Before taking up any DS project, one should always try to get an understanding of what exactly the output of the project should be. You can do that in a couple of ways:

1. Check the sample submission files

2. Determine the target data

Doing this helps you determine whether you will employ the services of a Supervised or Unsupervised ML technique. If there is a target data (like in this case) then you will probably use Supervised ML techniques like Regression or Classification.
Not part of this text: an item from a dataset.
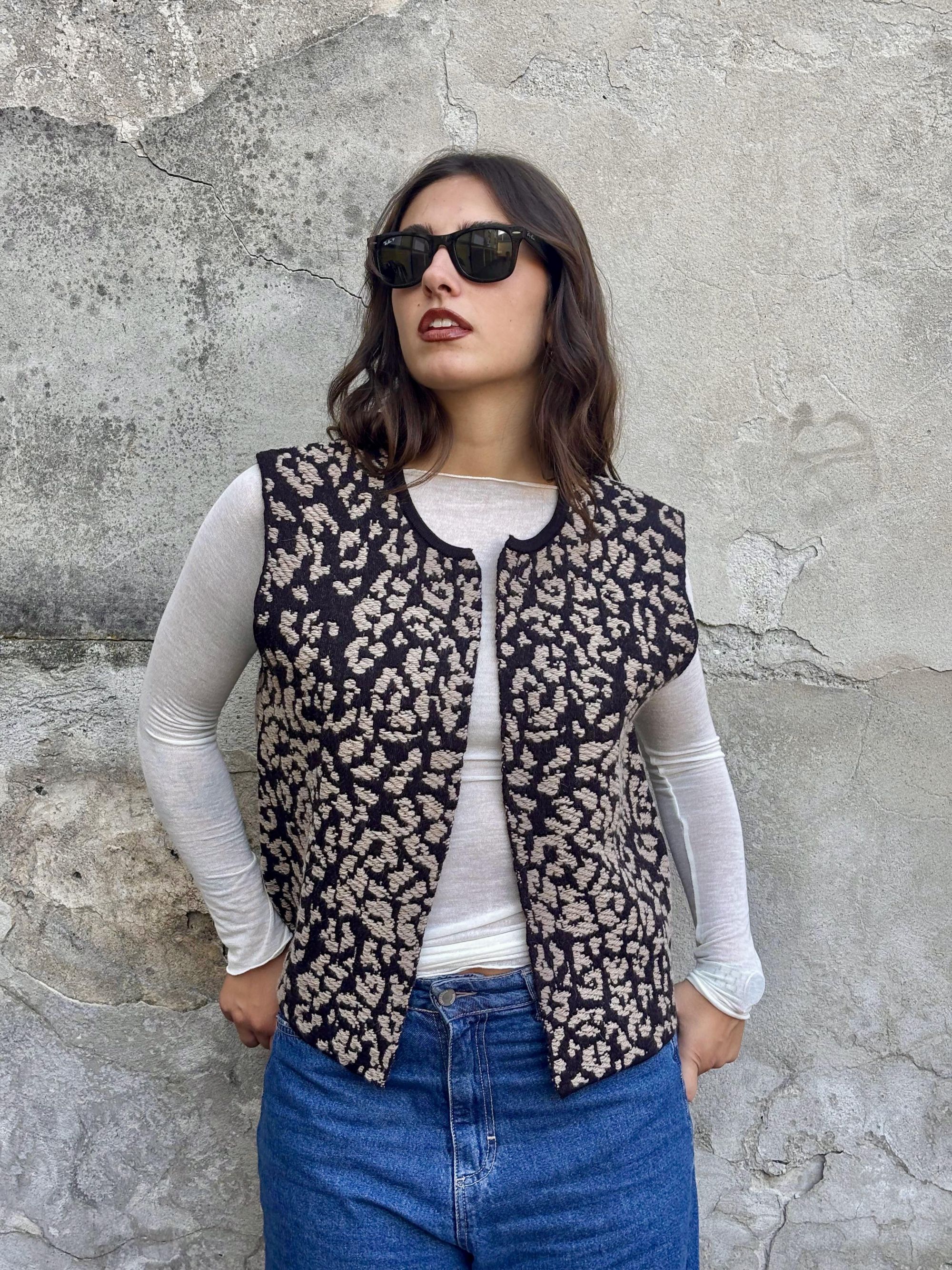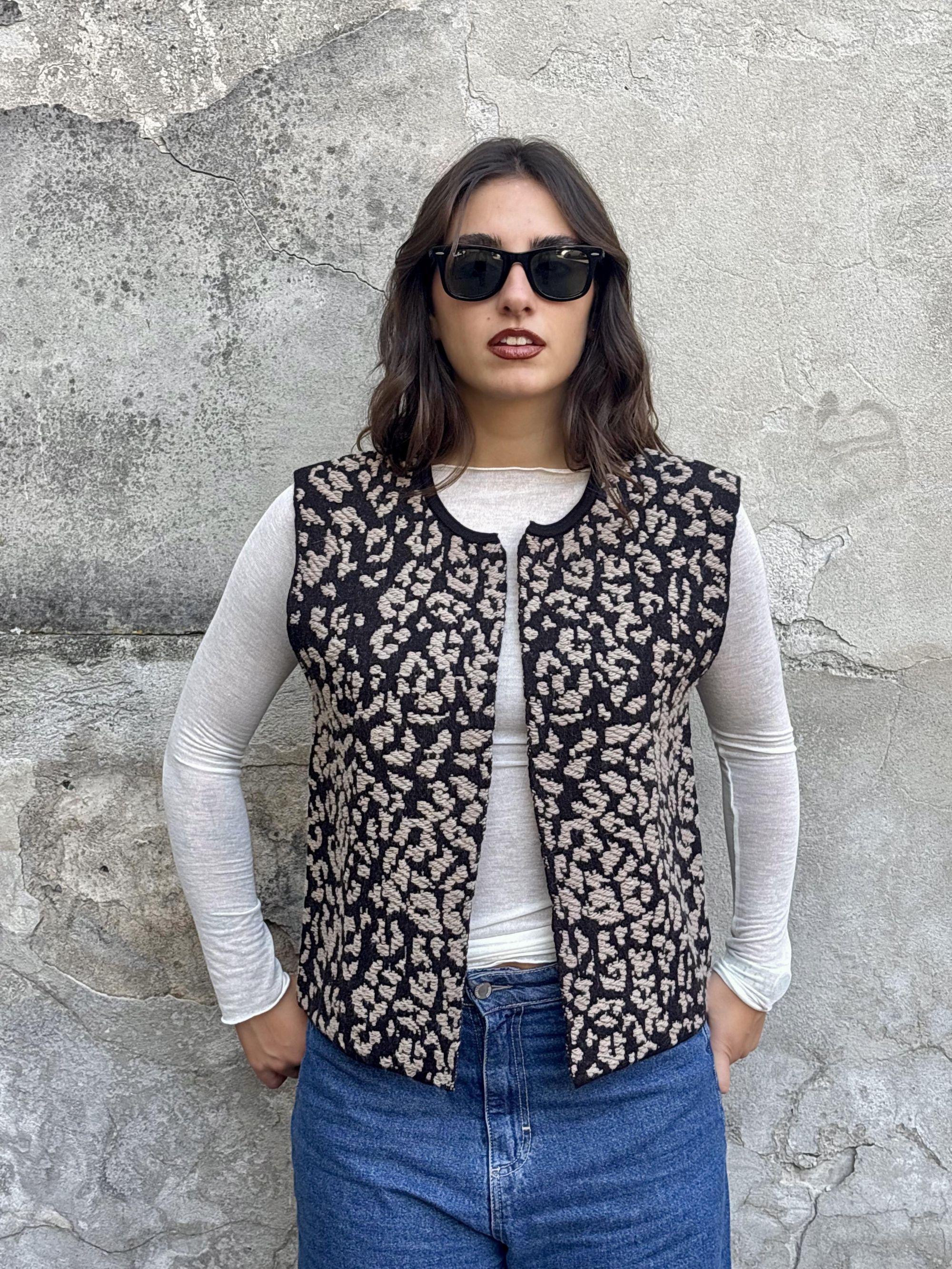 TENSIONE IN - GILET ANIMALIER TAUPE ART. W5MG85A400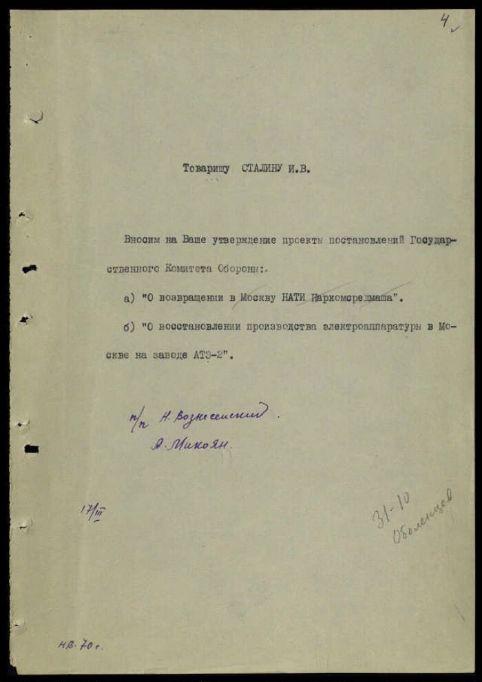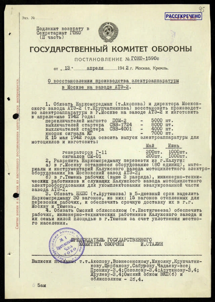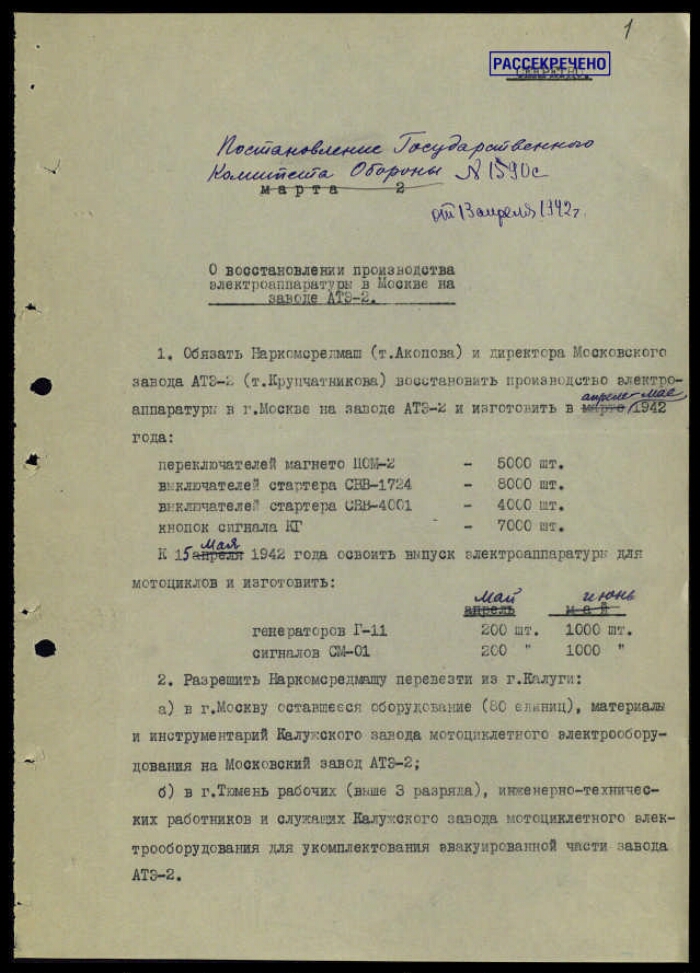 | Заголовок | Постановление ГКО СССР № 1590 с о восстановлении производства электроаппаратуры в Москве на заводе АТЭ-2, с приложением записки Вознесенского Н. А., Микояна А. И. Сталину И. В. и перечня вопросов, вынесенных на утверждение Сталина И. В. |

Our target data is the SalePrice of the house.

The SalePrice is a continuous variable thus we need to use Regression. Classification would be appropriate if the data were ordinal, nominal, or dichotomus.

So it’s settled, we will employ supervised regression ML techniques.

OUR DEPENDENCIES

I have a habit of wanting all my import statements at the top. It doesn’t necessarily mean that you need to know everything you need before you start (I sure as hell don’t).
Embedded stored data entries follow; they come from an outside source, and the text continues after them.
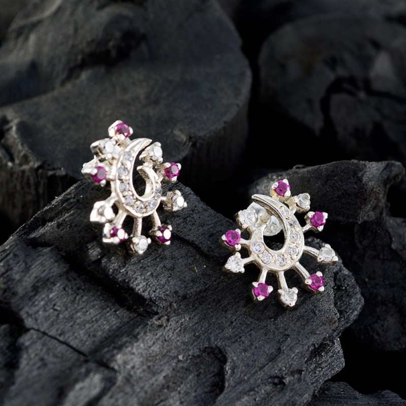 The Red CZ Peacock Stud Earrings feature a unique peacock-inspired design with shimmering white CZ stones and bright red CZ accents. A bold and festive piece perfect for special occasions and ethnic styling.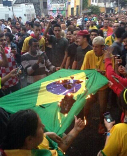 当地时间18点40,也就是距离比赛结束还有10多分钟时,在巴西圣保罗州的Sapopemba大街上,有人开始纵火;19点40,瓜鲁柳斯市杜特拉总统镇街道上,不少地方陷入火海。圣保罗南部M'Boi Mirim的车库也有公交车被焚烧,至少有8辆汽车被烧毁,目前暂无人员伤亡消息。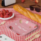 Placas de papel de ducha para bebés con adorables insectos de amor, quequitos, flores y ilustraciones de fresa, todo ello en un esquema de color rojo, blanco y marrón claro. Junto con los ilustraciones hay una letra de guión lúdica y un elegante sans serif en el que se escribe toda la información personalizada. Visita nuestra tienda para ver más artículos de esta colección.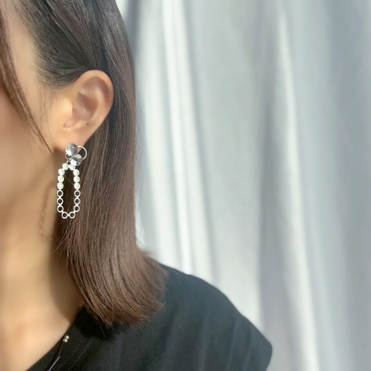 しなやかに揺れるシルバーパーツが甘さとモード感を絶妙に両立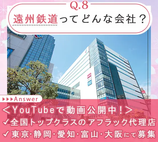 #新規開拓なし #知人営業なし#テレアポなし #採用育成なし #営業活動 #コンパクトな商談#1~2回の訪問で契約 #アポイント無料提供 #公平な差配#テレアポ分業制 #営業目標 #固定給保証 #アフラック #独自の評価制度 #経費会社負担 #営業車貸与 #直行直帰 #リモート#空いた時間に出社 #男女比3:7 #40代50代スタート多数 #YouTube「遠鉄の保険」で検索#3分で分かるお仕事動画

For the handling of DataFrames and Series:

import pandas as pd

For the arrays:

import numpy as np

To enable us to replace Categorical variables with numerical variables for our ML model:

from sklearn.preprocessing import LabelEncoder

For feature scaling:

from sklearn import preprocessing

To create our ML Regression model:

from sklearn.ensemble import RandomForestRegressor

To determine the accountability of our model:

from sklearn.metrics import accuracy_score

LOADING OUR DATA

The following three lines of code will load the data into variables as pandas DataFrames:

train = pd.read(“train.csv”)
test = pd.read(“test.csv”)
sample_submission = pd.read(“sample_submission.csv”)

To note is that any transformation done to the training data must be reiterated on the test data. This is because once the model has been trained it needs to acquire the same type of data.
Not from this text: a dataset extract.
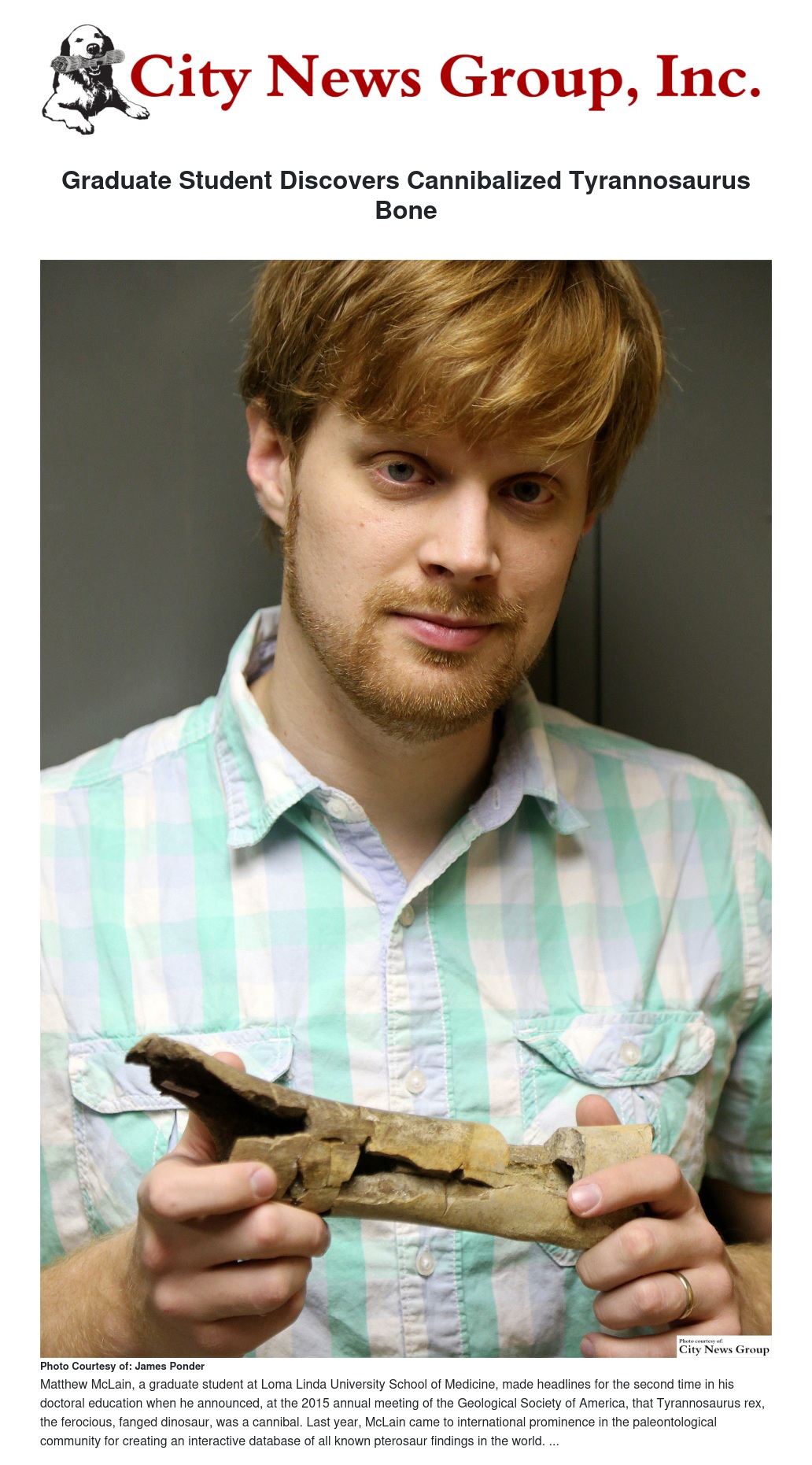 Matthew McLain presented his findings at the 2015 annual meeting of the Geological Society of America, which was held in Baltimore, Maryland, November 1-4. He also authored an abstract, which the society published under the title, “Tyrannosaur Cannibalism: a Case of a Tooth-Traced Tyrannosaur Bone in the Lance Formation of Eastern Wyoming.”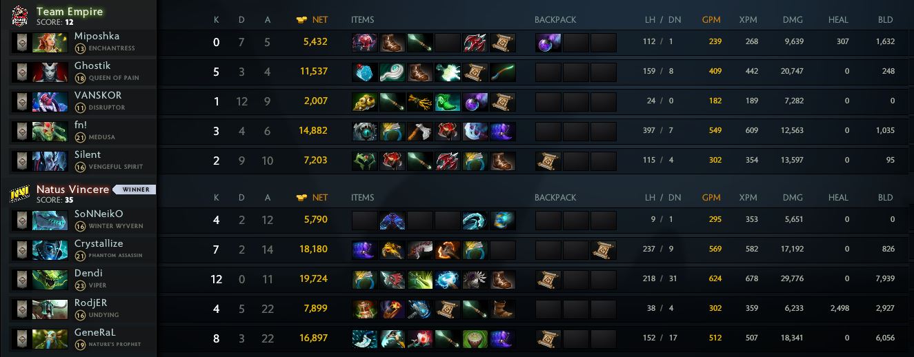 Team Empire и во второй партии: Рождённые Побеждать отдали предпочтение корам Phantom Assassin и Viper, а «Империя» сделала выбор в пользу Medusa для центральной линии и Queen of Pain — для сложной. Достаточно интересные противостояния развернулись на всех трёх лайнах, в результате на этот раз переиграть соперника на старте удалось «жёлто-чёрным».

Let’s have a look-see at our data then:

train.head(20)
test.head(20)
sample_submission.head(20)

This will display the first twenty rows in the data under their respective column heads. We see here that train.csv contains 81 columns whereas test.csv contains 80 columns. The SalePrice column has been excluded since it is what we need to predict. The sample_submission.csv contains two columns that are the Id and SalePrice.

Data Exploration: Dealing with null values

Let us check for null values

train.isnull().any()

Id False

MSSubClass False

MSZoning False

LotFrontage True

LotArea False

…

MoSold False

YrSold False

SaleType False

SaleCondition False

SalePrice False

Length: 81, dtype: bool

This will return a list of the columns with either True or False depending on whether there are null values in that column.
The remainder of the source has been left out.